Minggu, 21 Juni 2020

tangisan pelebur lara

Diantara riangnya tawa
Senyum ramah yang bersinar
Tak menutup kemungkinan
Bahwa ada tangis di lubuk hati yang terdalam

Jumat, 22 Mei 2020

cerita random hari ini

Senang dan sedih selalu mengitari kita.
Rasa pedih tak selamanya menyedihkan.
Namun, percayalah.
Pasti ada hikmah disetiap peristiwa.

Tak terasa hari ini
Kita semua telah menyelesaikan puasa hari ke 29
Tadi, tarawih terakhir di bulan ini
Entah kenapa waktu rasanya begitu cepat
Rasanya baru kemarin ramadhan menghampiri kita, namun sekarang dia akan pergi.

Atau mungkin aku terlalu membuang buang waktu?
Hingga aku tidak bisa menikmati bulan yang suci ini?
Sepertinya iya,
Akhir akhir ini aku selalu bersedih, entah kenapa hampir setiap hari bersedih.
Pelampiasannya, aku tidak pernah tidur malam.
Seorang teman menyarankanku untuk belajar belajar dan belajar hingga aku melupakan segala kesedihanku.
Jadi tiap malamku kugunakan untuk mencari ilmu, entah apapun itu sudah di internet
Baca apapun.
Lalu akhirnya aku sadar,
Aku terlalu mengejar dunia.
Hingga segalanya aku tinggalkan.
Bahkan hampir semua kawanku aku abaikan.

Maaf, aku bukan bermaksud menjauh
Tapi kenapa ya?
Aku bingung harus gimana?
I feel empty.
Pikiran dan hati juga belum bisa sinkron.
Terkadang siang aku sudah berjanji pada diriku sendiri untuk bersikap "ya udahlah"
Namun, malam datang
Waktu waktu yang tepat untuk overthinking
Selalu kepikiran,
Yaa sedih lagi.
Gimana juga ya, aku ga bisa berbuat banyak.
Andai aku di jember gitu tiap malam pasti nangis.
Untungnya dirumah, jadi malu untuk nangis hahahaha.
Cowok kok nangis.
Tapi, terkadang nangis itu perlu
Untuk mengungkapkan segala yang terpendam di hati.

Gak tau sebenernya mau nulis apa aku hari ini.
Tapi, entah kenapa seperti ada yang salah di dalam diriku ini.
Di satu sisi aku ingin bersikap "ya udahlah" tapi di sisi lain, aku ga tega.
Terkadang mikir "Kalo aku diem aja gimana nanti?"

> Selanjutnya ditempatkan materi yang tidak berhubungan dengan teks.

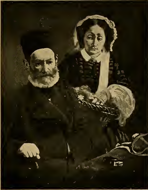
Die Eltern des Künstlers 1860.

Inhalts gewesen und nicht, wie man glauben sollte, Landschaften. Noch Courbet setzte seine im Atelier modellierten Figuren einfach ins Freie. Der konsequente Naturalismus musste sich dieses Widerspruchs bald klar werden und nach dessen Auflösung streben. Die bei der Darstellung des
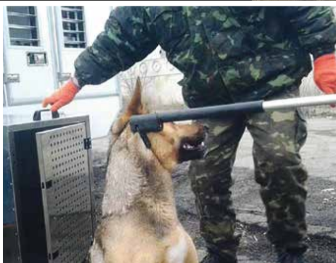
■ В Обнинске отлавливают всех собак, на которых жалуются жители
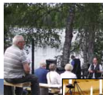
”Amfiteatteri” järven rannalla
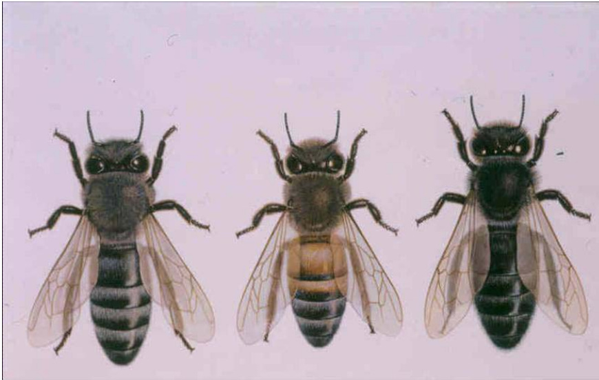
Abbildung 2: mellifera carnica (links), Apis mellifera ligustica (mitte), Apis mellifera mellifera (rechts); Aquarelle: M. MIZZARO

Im Übergangsbereich beider Rassen kam es natürlicherweise zu Kreuzungen, deren Produkte gewisse anatomische Merkmale beider Herkünfte zeigten und

Tapi yasudahlah, biarkan pikiran dan hati berseteru
Mungkin sambil aku melangkah, aku akan menemukan jawabannya.
Menemukan kekuatan
Entah sebuah kekuatan untuk ikhlas atau kekuatan untuk sabar.
"Nggak semua harus ada jawabannya sekarang kan??" Hahahaha

Ngomong ngomong,
Besok ramadhan terakhir kita di tahun ini
Semoga kita bisa bertemu ramadhan di tahun depan
Dengan keadaan sehat.
Jika saya punya kesalahan entah disengaja maupun tidak,
Pernah menyakiti fisik maupun perasaan
Mohon maaf sebesar besarnya.
Jika punya keluhan tentang aku, bilang saja langsung, kalo sungkan bisa chat, kalo pengen anonim bisa kirim email.
Ya gimana lagi, aku juga ingin berubah menjadi lebih baik.
Aku juga sedang berusaha memantaskan diri dahulu.
Terkadang ingin berharap, namun kita belum pantas, rasanya kurang baik.
Namun bagaimana lagi, sudah sifat manusia kan itu?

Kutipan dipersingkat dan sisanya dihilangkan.